Performance-Aware Scheduler

Scheduling of jobs on a distributed computing system, such as a network of data centers, is an old and well studied problem. For example, in Braun et al. (2001), several heuristic scheduling algorithms based on the makespan matrix, such as Opportunistic Load Balancing (OLB) and Minimum Completion Time (MCT), were introduced. It is worth noting that these algorithms consider assignment of jobs to machines, not to the processors. Therefore, their approach should be considered as a global scheduler. A global scheduler is not necessarily always a distributed scheduler. For example, a scheduler that works within a data center can work in a global manner, while it obviously is not a distributed scheduler. They also considered GA as one of their schedulers. For simulations, Expected Time to Compute (ETC) matrix were used. Also, proper synthesizd ETC matrices were used in order to simulate a heterogeneous computing environment.

Another milestone in the scheduling of computing resources is Freund et al. (1998), which introduced MaxMin and MinMin heuristic schedulers. Similar to Braun et al. (2001), only performance in terms of completion time was considered, and there was no account for the energy consumption or carbon footprint of the operations. They performed their calculations using a simulated environment, called SmartNet.

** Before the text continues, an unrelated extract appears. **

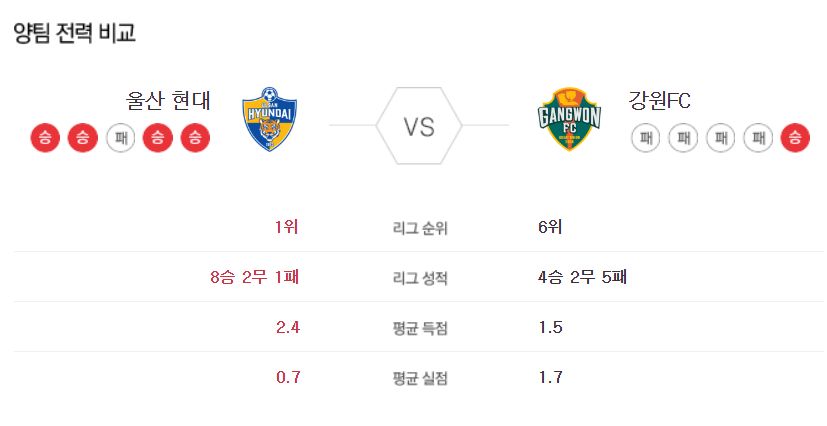 울산(1위, 승패승승승)은 최근 경기에서 다시 상승세를 타고 있습니다. 주중에 열린 FA컵에서 경주 한수원 상대 2-0 승리를 기록했습니다. 리그 포함 3연승을 달리고 있습니다. 주중 FA컵에서 주요 선수에게 충분한 휴식을 부여했습니다. 두터운 선수층이 빡빡한 일정을 소화하는데 안정감을 주고 있습니다. 연승을 기록하는 동안 멀티 득점을 반복했습니다. ‘김인성, 이청용’ 측면과 중앙 조합을 활용한 찬스를 생산하고, 윤빛가람을 통한 중원의 부분 전술 완성도 유지, 절정의 득점감각을 보여주는 주니오(FW, 리그 14득점 2도움) 결정력이 돋보입니다. 리그 1위팀 답게 강원을 공략하는데 어려움은 없을 것으로 예상됩니다.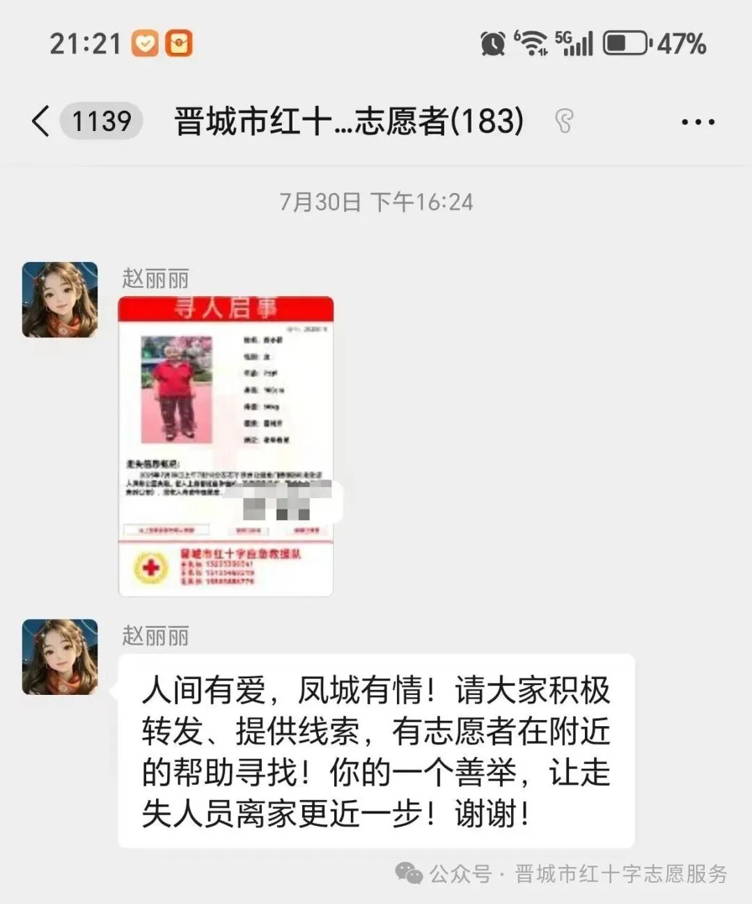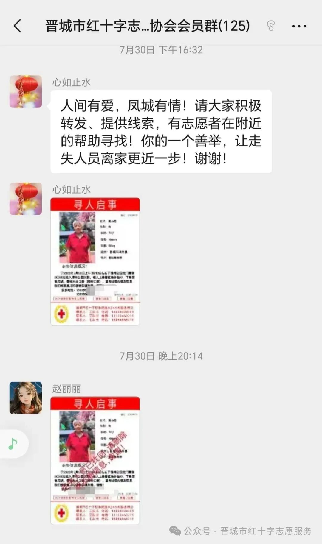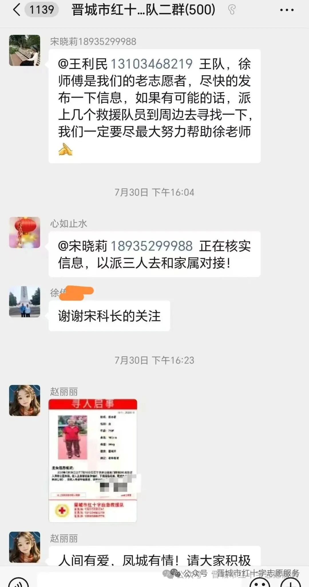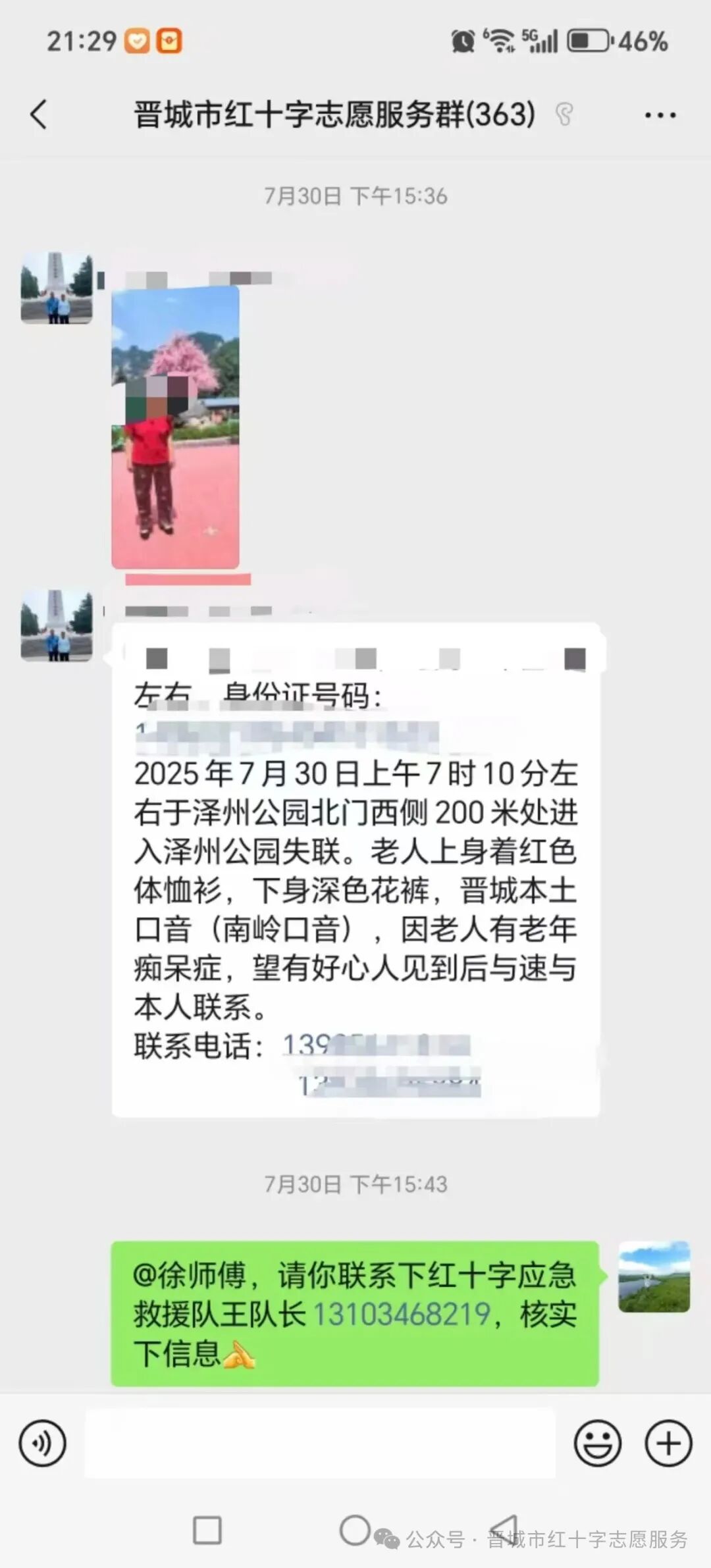 7月30日15时30分,一条紧急求助信息打破了晋城市红十字志愿者群的宁静。志愿者徐师傅的爱人(患有阿尔茨海默症)不幸走失!消息就是命令,时间就是生命。红十字应急救援队闻讯立即启动应急响应机制,一场争分夺秒的爱心搜寻火速展开。

In Maheswaran et al. (1999), the k-Percent Best (KBP) and Switching Algorithm (SA) schedulers were introduced along with the Minimum Execution Time (MET), Minimum Completion Time (MCT), Suffrage, and Opportunistic Load Balancing (OLB) heuristic schedulers. The kpercent best (KPB) scheduler considers only a subset of machines while mapping a job. The subset is formed by picking the (k/100)m best machines based on their execution time of that job, where 100/m≤k≤100 and m is the number of machines. The job is assigned to a machine that provides the earliest completion time in the subset. The main idea behind KBP is not to map a job on the best machine, but it is to avoid mapping a job on a machine that could be a better choice for a yet-to-arrive job. If k = 100, then the KPB heuristic is actually reduced to the MCT heuristic. For the case k = 100/m, the KPB heuristic is equivalent to the MET heuristic.

The SA scheduler uses the MCT and MET schedulers in a cyclic fashion depending on the load distribution across the machines. In this way, the SA tries to make benefit of the desirable properties of both MCT and MET. The MET heuristic can potentially create load imbalance across machines by assigning many more jobs to some machines than to others, whereas the MCT heuristic tries to balance the load by assigning jobs for earliest completion time. If the jobs are arriving in a random mix, it is possible to use the MET at the expense of load balance until it reaches a given threshold, and then use the MCT to smooth the load across the machines.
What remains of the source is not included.